WHAT TO WORK ON
Below, find the line containing "コンソールテーブル アンティーク 玄関" and the line containing "O som dos grilos, o"; reproduce exactly those two and every line between them, omitting pictures.

STUDY MATERIAL
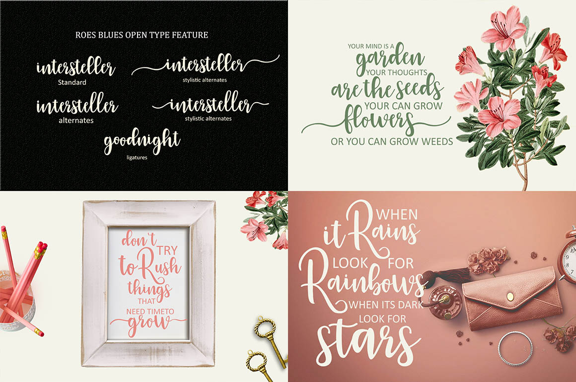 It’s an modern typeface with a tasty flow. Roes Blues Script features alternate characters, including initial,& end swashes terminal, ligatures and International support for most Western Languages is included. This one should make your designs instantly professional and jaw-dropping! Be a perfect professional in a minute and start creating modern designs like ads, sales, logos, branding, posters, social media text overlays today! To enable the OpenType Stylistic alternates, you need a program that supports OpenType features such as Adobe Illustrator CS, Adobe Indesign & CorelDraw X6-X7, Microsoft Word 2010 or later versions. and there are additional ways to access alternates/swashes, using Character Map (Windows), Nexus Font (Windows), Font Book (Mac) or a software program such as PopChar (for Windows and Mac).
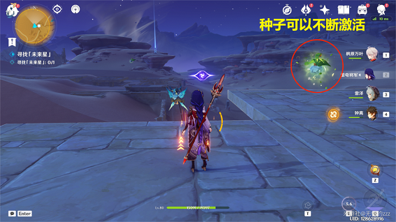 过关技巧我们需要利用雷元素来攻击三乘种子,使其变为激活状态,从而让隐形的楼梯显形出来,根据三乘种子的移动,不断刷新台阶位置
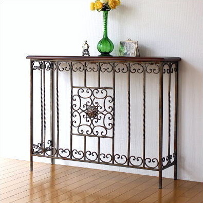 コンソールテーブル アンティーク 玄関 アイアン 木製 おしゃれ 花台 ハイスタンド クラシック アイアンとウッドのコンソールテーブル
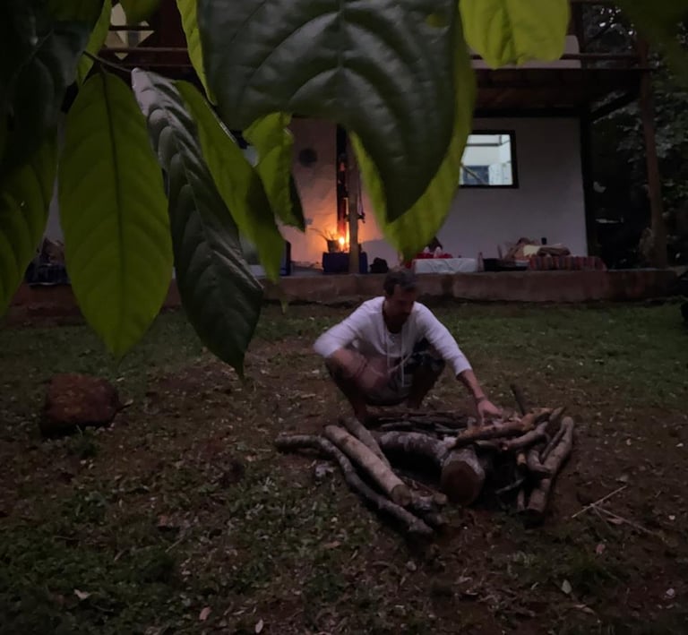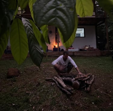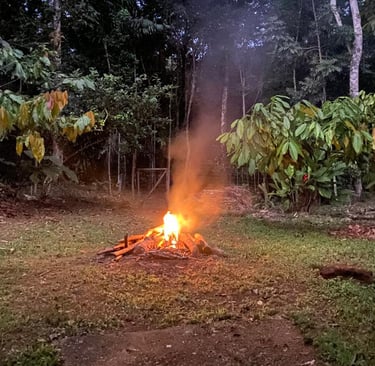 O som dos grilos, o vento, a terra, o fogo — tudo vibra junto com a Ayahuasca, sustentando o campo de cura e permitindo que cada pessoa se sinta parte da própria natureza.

* * *

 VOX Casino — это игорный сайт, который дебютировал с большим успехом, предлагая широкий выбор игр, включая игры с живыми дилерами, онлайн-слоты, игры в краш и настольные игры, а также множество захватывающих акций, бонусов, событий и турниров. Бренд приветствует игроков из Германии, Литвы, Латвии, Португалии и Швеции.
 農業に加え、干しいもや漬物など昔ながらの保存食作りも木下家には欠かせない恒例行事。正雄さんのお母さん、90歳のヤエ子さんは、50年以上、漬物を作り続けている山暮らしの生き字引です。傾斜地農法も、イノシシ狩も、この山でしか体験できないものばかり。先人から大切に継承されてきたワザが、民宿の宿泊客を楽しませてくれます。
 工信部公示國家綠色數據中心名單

* * *

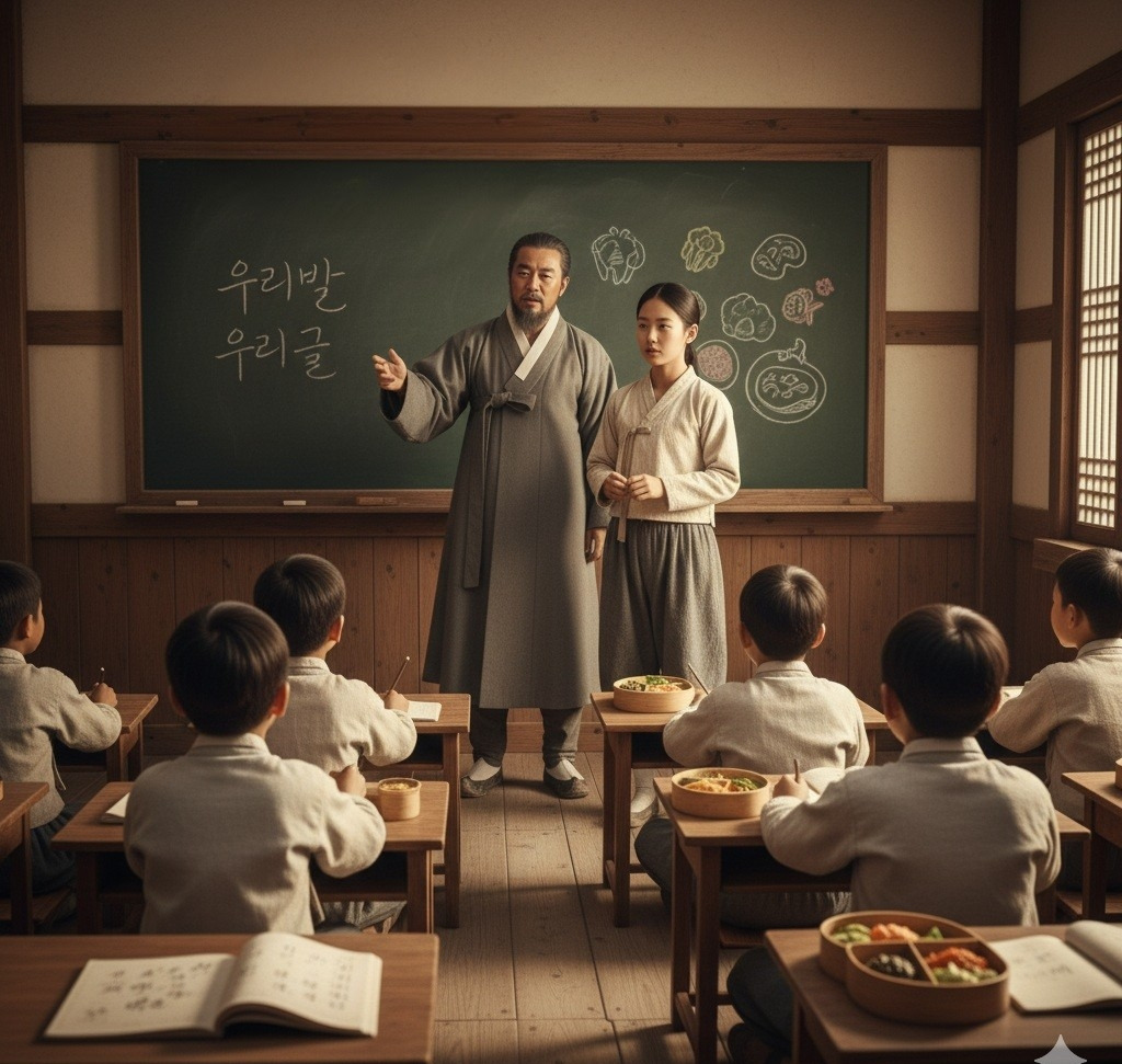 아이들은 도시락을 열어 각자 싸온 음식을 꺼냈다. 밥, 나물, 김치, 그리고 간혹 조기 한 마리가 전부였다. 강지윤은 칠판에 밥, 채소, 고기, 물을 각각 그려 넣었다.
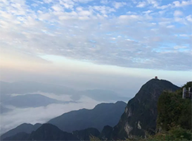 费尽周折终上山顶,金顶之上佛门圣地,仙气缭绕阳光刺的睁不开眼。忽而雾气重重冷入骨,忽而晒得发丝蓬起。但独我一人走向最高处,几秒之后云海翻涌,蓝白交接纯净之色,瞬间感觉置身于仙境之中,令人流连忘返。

SOLUTION FOR THIS EXERCISE
 コンソールテーブル アンティーク 玄関 アイアン 木製 おしゃれ 花台 ハイスタンド クラシック アイアンとウッドのコンソールテーブル
 O som dos grilos, o vento, a terra, o fogo — tudo vibra junto com a Ayahuasca, sustentando o campo de cura e permitindo que cada pessoa se sinta parte da própria natureza.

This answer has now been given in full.